Thénène se concentra ensuite sur son apprenti et lui fit un petit topo rapide sur les étapes qu'il devra franchir pour maîtriser le feu.

- La maîtrise du feu est reliée au souffle donc tout part du ventre : on commencera par faire des exercices de respiration puis je te montrerai des mouvements simples et, à chaque entraînement, on montrera en difficulté. Jusque là, tu suis ?

- Oui !

- Alors Krory, je tiens à ce que tu aies des bases partout ! Tous les éléments basiques dans chaque élément et ensuite, on passera à des choses beaucoup plus complexes, qui demandent beaucoup d'énergie, de concentration et surtout de persévérance parce que tu ne réussiras pas forcément du premier coup !

- Des choses complexes ? Peux-tu me donner des exemples ?

- Bah vu qu'on va travailler sur le feu, je vais te montrer ce que je sais faire et ce que je compte t'apprendre ! déclara la métisse, en s'étirant rapidement. Recule un peu s'il te plaît.

Obéissant, il recula de quelques pas, laissant assez d'espace à la jeune fille. Celle-ci s'enflamma brusquement, son corps se recouvrant de flammes d'un rouge vif. Elle passa les mains sur les flammes, les récoltant dans ses paumes, et augmenta la puissance en effectuant des mouvements circulaires et en tournant sur elle-même. La cadette se concentra et les flammes passèrent d'un rouge vif à un violet profond pour finir sur un bleu éclatant. Elle fit disparaître les flammes, ferma les yeux et joignit les mains, en respirant profondément.

- W-wow, Thénène, c-c-c'est impressionnant ! bégaya le roumain en se rapprochant de la jeune fille.

- Ne bouge surtout pas, murmura la métisse. Plus un pas...

Effrayé par le ton sérieux qu'employait la métisse, le vampire déglutit bruyamment et s'arrêta net dans son élan. Thénène sépara alors ses mains et un éclair se forma dans l'espace qui s'étirait de plus en plus. La métisse décida de ne pas le lancer et le fit disparaître en rompant l'équilibre qu'elle avait créé pour le produire.

- Désolée si je t'ai effrayé : je comptais le lancer au départ mais je me suis ravisée ! expliqua la jeune fille en se plaçant au côté de son élève.

- Thénène, tu vas réellement m'apprendre tout ça ? Je vais réussir ?

- Pourquoi tu ne réussirais pas ? On va procéder par difficulté : déjà les flammes rouges puis les bleues et en dernier les éclairs !

- Tu le penses vraiment ?

- Bah oui ! Allez viens, on va déjà commencer par des exercices de respiration !

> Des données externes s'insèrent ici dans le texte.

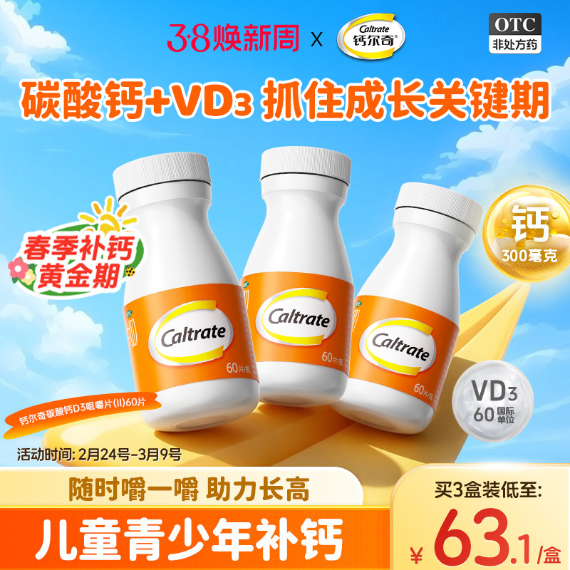 钙尔奇碳酸钙D3咀嚼片4到17岁60片儿童补钙维生素钙片长高青少年

Ainsi, pendant que la cadette était encore présente, Krory exerça son souffle et sa respiration, dans le but de mieux la gérer. À la fin, il réussit à créer des petites flammèches et Thénène le félicita grandement.

- Même si ce sont des petites flammes, c'est déjà bien pour une première maîtrise du feu ! Tu devrais continuer à faire des exercices de respiration pour être beaucoup plus serein ! l'encouragea la métisse, enthousiaste.

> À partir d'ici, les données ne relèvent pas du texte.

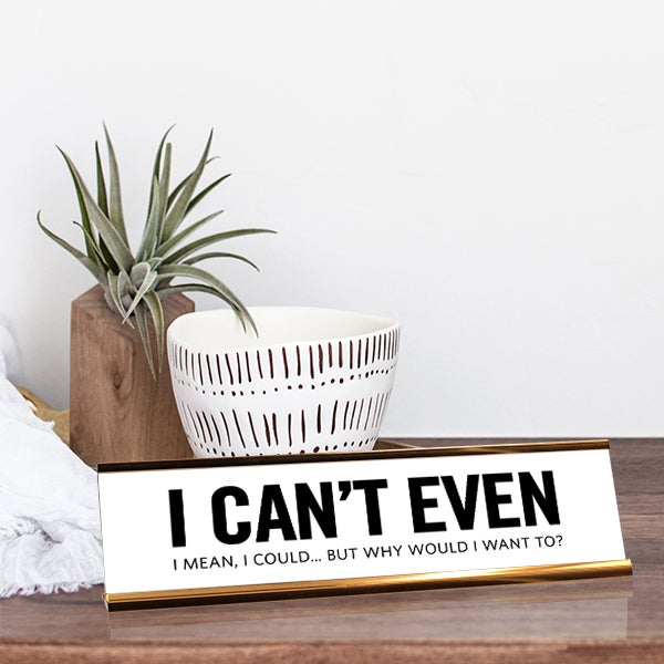 I Can't Even Engraved Plastic Funny Desk Plate with Aluminum Holder

- Merci Thénène, tes encouragements me font plaisir ! déclara le vampire.

- C'est normal Krory ! Bon, je dois y aller, à plus tard !

- Thénène ?

- Oui Allen ?

- On se retrouve devant l'ascenseur à quelle heure ? lui demanda alors le blandin.

Comme ils étaient à côté l'un de l'autre, Allen s'étant approché, il n'eut pas besoin d'élever la voix. La métisse réfléchit un instant, silencieuse.

- Midi ? proposa-t-il en voyant qu'elle n'arrivait pas à se décider.

- D'accord ! Bah à toute !

Elle courut presque en cuisine pour demander quelque chose à Jerry. Elle débarqua en trombe, surprenant le cuisinier qui sursauta.